Assim, parece que agora basta admitirmos a lei da inevitabilidade para destruirmos a concepção da alma, do bem e do mal, e todas as instituições do Estado e da Igreja que foram construídas sobre essas concepções.
Assim também, tal como Voltaire em sua época, defensores não convidados da lei da inevitabilidade hoje usam essa lei como arma contra a religião, embora a lei da inevitabilidade na história, como a lei de Copérnico na astronomia, longe de destruir, até mesmo fortaleça o alicerce sobre o qual se erguem as instituições do Estado e da Igreja.
Assim como na questão da astronomia naquela época, também na questão da história agora, toda a divergência de opiniões se baseia no reconhecimento ou não de algo absoluto, que serve como medida dos fenômenos visíveis. Na astronomia, era a imobilidade da Terra; na história, é a independência da personalidade — o livre-arbítrio.

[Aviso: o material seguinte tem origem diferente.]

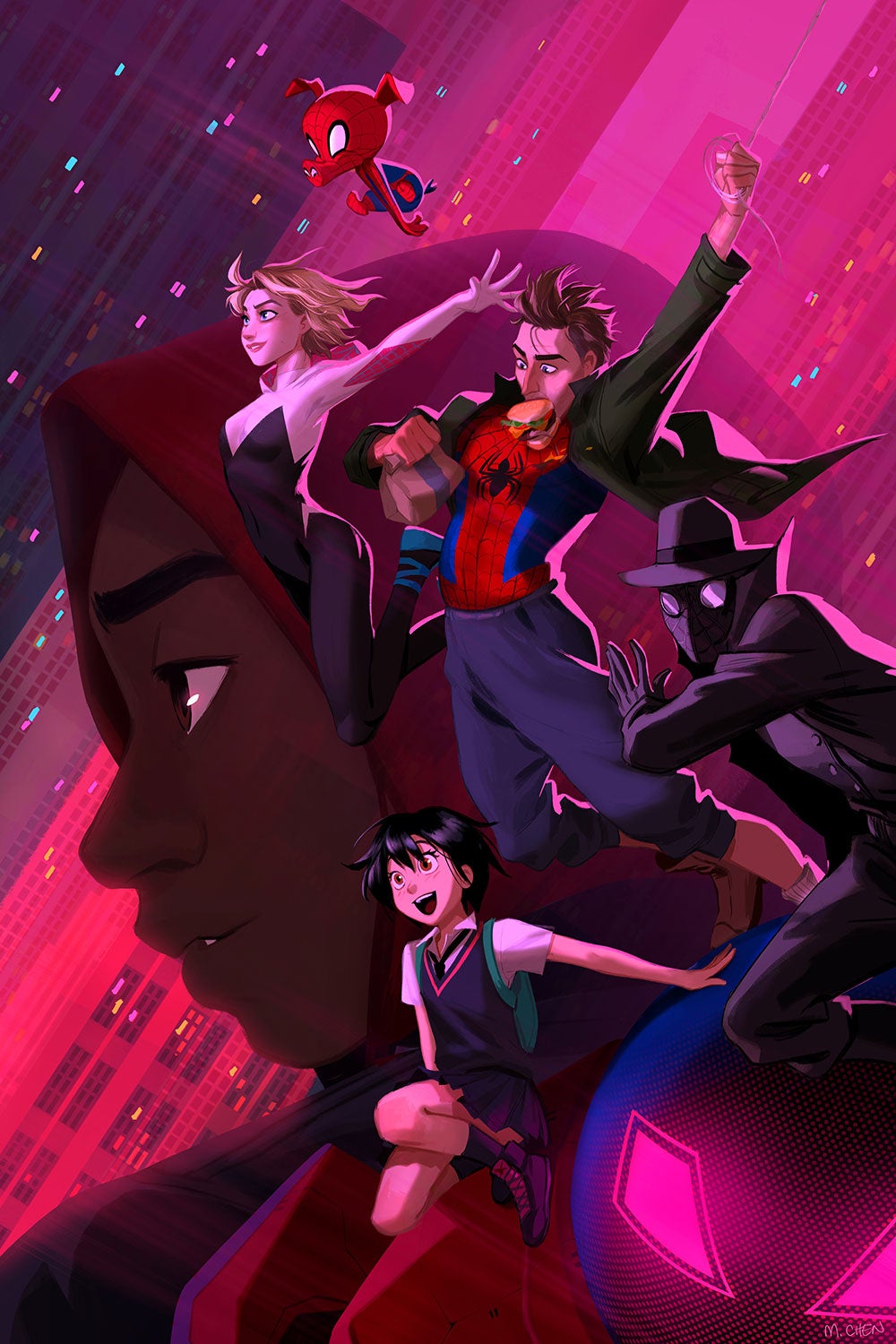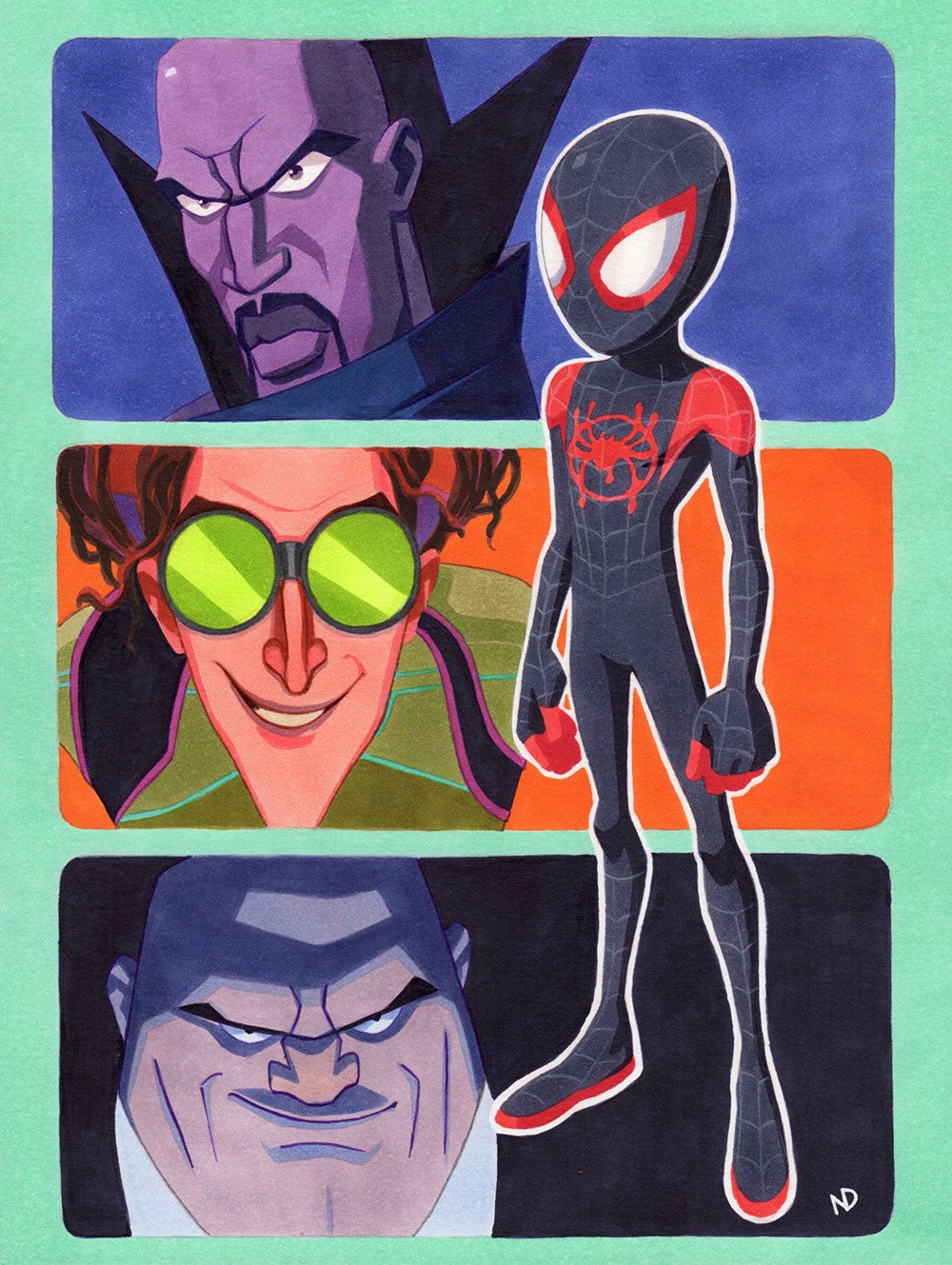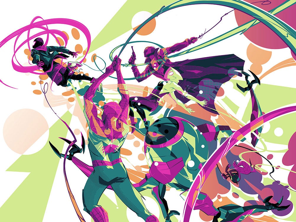 “What’s Up Danger? The Into the Spider-Verse Tribute Show” kicks off on June 29 at Gallery Nucleus in Alhambra, CA. Nearly two dozen artists, many of whom worked on the film itself, have contributed new prints and originals themed around the amazing animated Spider-Man film, and we’re excited to show you just a small glimpse.
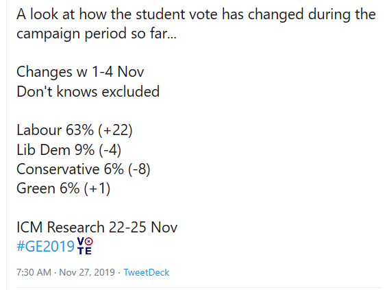 A sharp rise in voter reg, predominantly among young people, has boosted Labour’s hopes in the GE More than 3 million people have registered since the election was called on 29 October. More than two-thirds of applications are from under 34's, who tend to be more towards Labourpic.twitter.com/0PFZqG757l
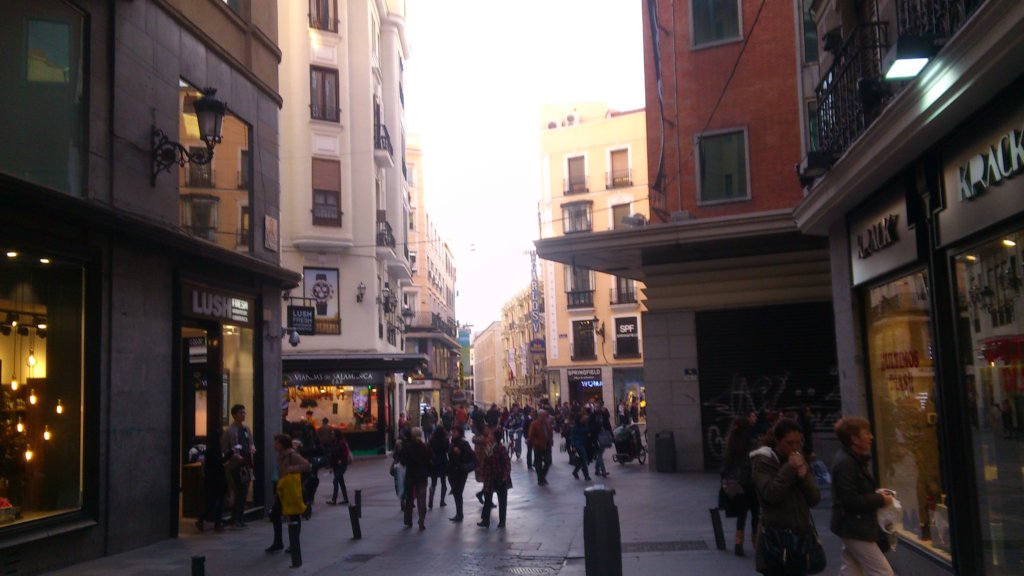 Notar la diferencia entre la cantidad de gente por el barrio del centro de Madrid,
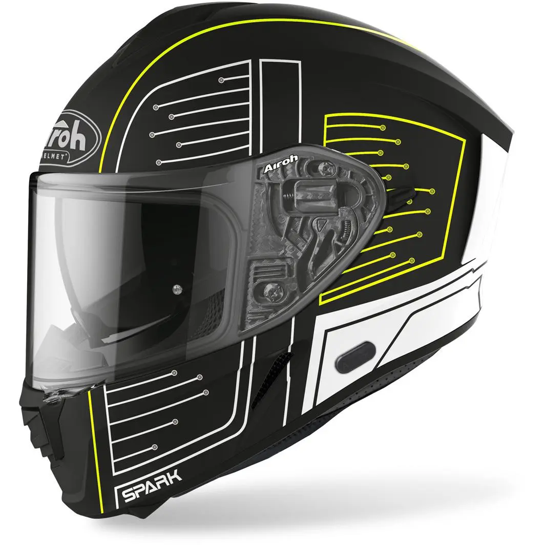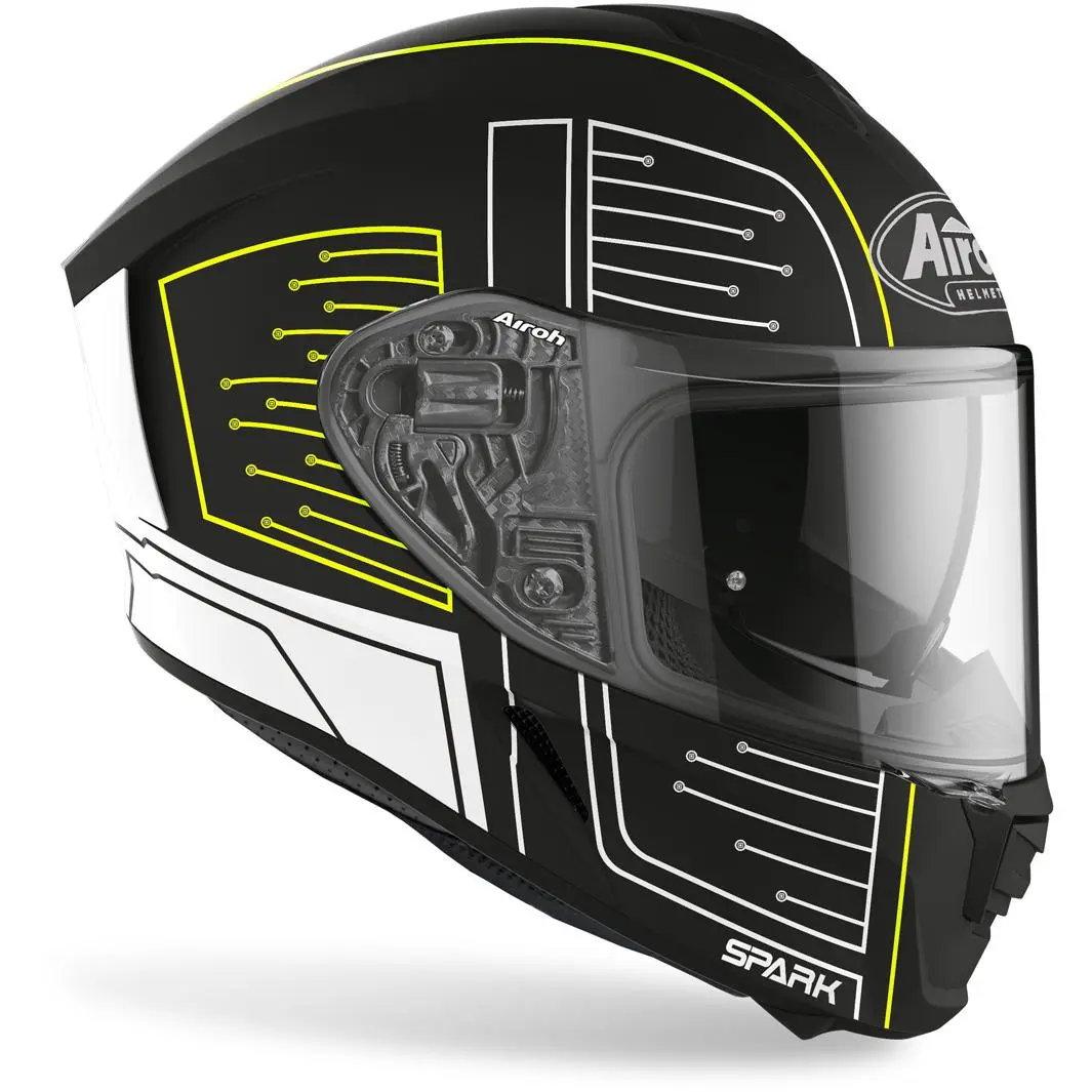 Casque intégral AIROH Spark. 2 tailles de calotte. Coque en thermoplastique HRT. Écran extra-wide à démontage rapide, traité anti-rayures, anti-UV et antibuée. Lentille antibuée Pinlock® incluse. Écran solaire interne rétractable. Fermeture par boucle micrométrique
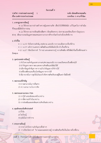 เล่มที่ 3 : กิจกรรมการเรียนรู้เพื่อพัฒนาความฉลาดรู้ด้านการอ่าน 185
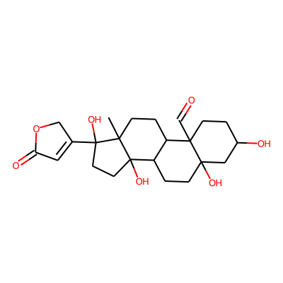 CC12CCC3C(CCC4(O)CC(O)CCC34C=O)C1(O)CCC2(O)C1=CC(=O)OC1| HBA: | 7 | RingCount: | 5 |

Assim como na astronomia a dificuldade de reconhecer o movimento da Terra residia em abandonar a sensação imediata da fixidez da Terra e do movimento dos planetas, na história a dificuldade de reconhecer a sujeição da personalidade às leis do espaço, do tempo e da causa reside em renunciar ao sentimento direto da independência da própria personalidade. Mas, assim como na astronomia a nova visão afirmava: “É verdade que não sentimos o movimento da Terra, mas admitindo sua imobilidade chegamos ao absurdo, enquanto admitindo seu movimento (que não sentimos) chegamos às leis”, também na história a nova visão afirma: “É verdade que não temos consciência de nossa dependência, mas admitindo nosso livre-arbítrio chegamos ao absurdo, enquanto admitindo nossa dependência do mundo externo, do tempo e da causa, chegamos às leis”.
No primeiro caso, foi necessário renunciar à consciência de uma imobilidade irreal no espaço e reconhecer um movimento que não sentíamos; no presente caso, é igualmente necessário renunciar a uma liberdade que não existe e reconhecer uma dependência da qual não temos consciência.